**Exercise description**
It would help if you retyped the data exactly, leaving out the pictures.

**Supplied data**
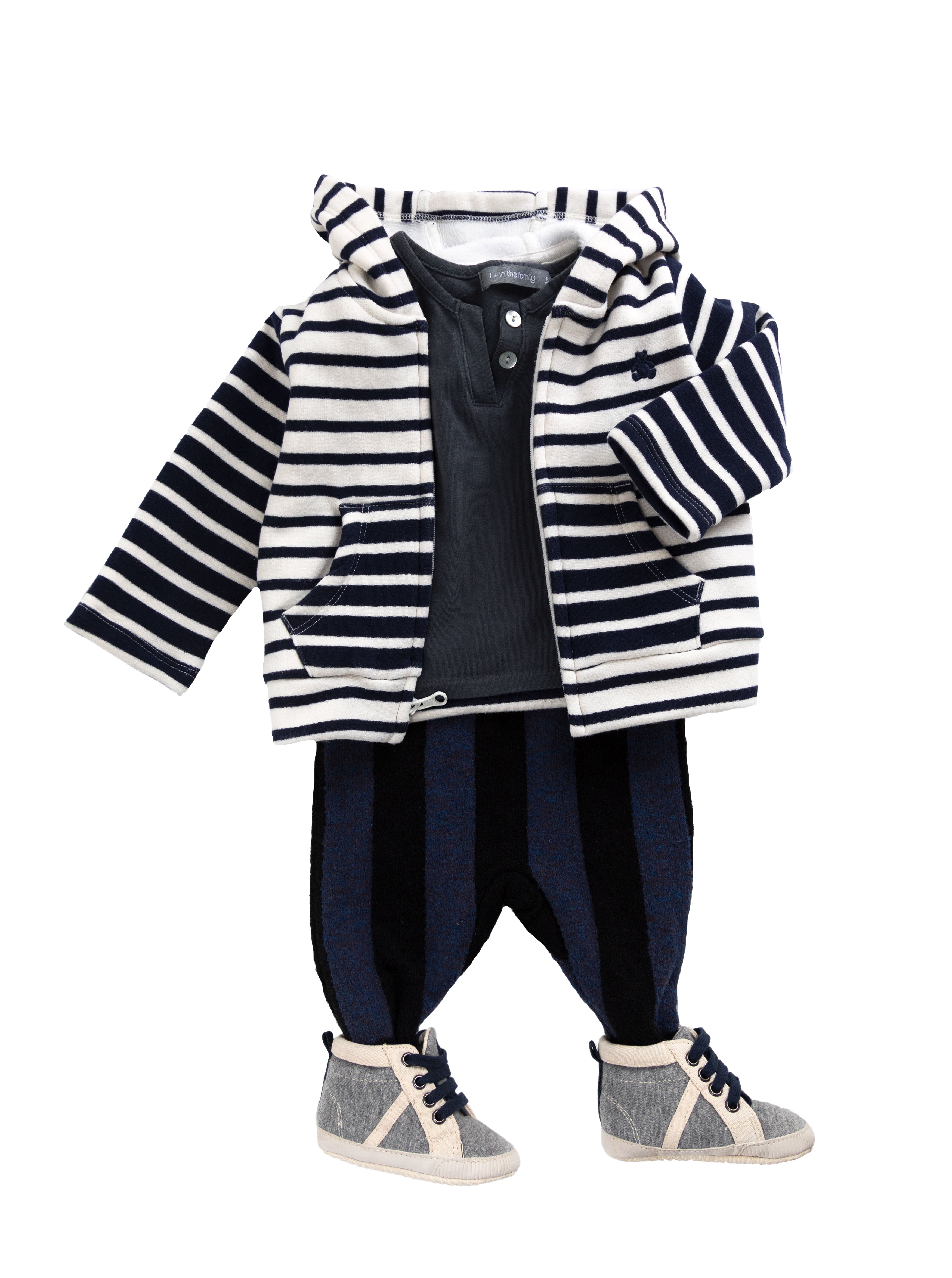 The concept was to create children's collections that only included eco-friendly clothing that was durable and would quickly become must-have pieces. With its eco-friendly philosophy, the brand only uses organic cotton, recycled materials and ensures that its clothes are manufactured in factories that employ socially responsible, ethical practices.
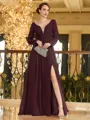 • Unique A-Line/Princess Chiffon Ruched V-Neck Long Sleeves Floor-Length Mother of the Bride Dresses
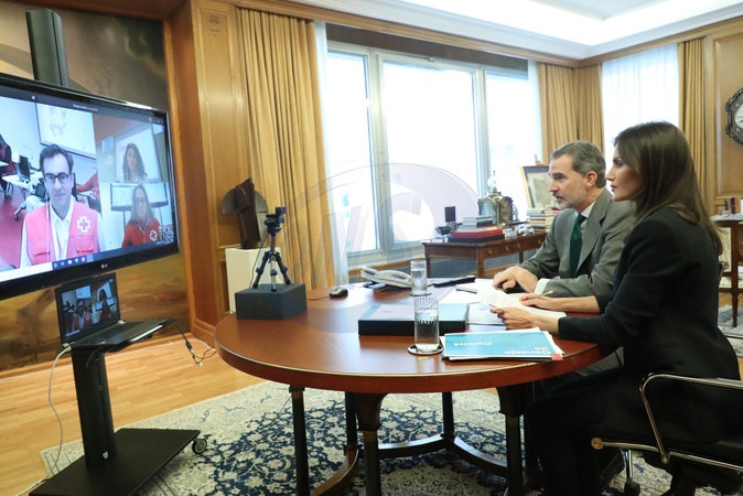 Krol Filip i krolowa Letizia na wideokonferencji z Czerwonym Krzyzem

**Response to the task**
 The concept was to create children's collections that only included eco-friendly clothing that was durable and would quickly become must-have pieces. With its eco-friendly philosophy, the brand only uses organic cotton, recycled materials and ensures that its clothes are manufactured in factories that employ socially responsible, ethical practices.
 • Unique A-Line/Princess Chiffon Ruched V-Neck Long Sleeves Floor-Length Mother of the Bride Dresses
 Krol Filip i krolowa Letizia na wideokonferencji z Czerwonym Krzyzem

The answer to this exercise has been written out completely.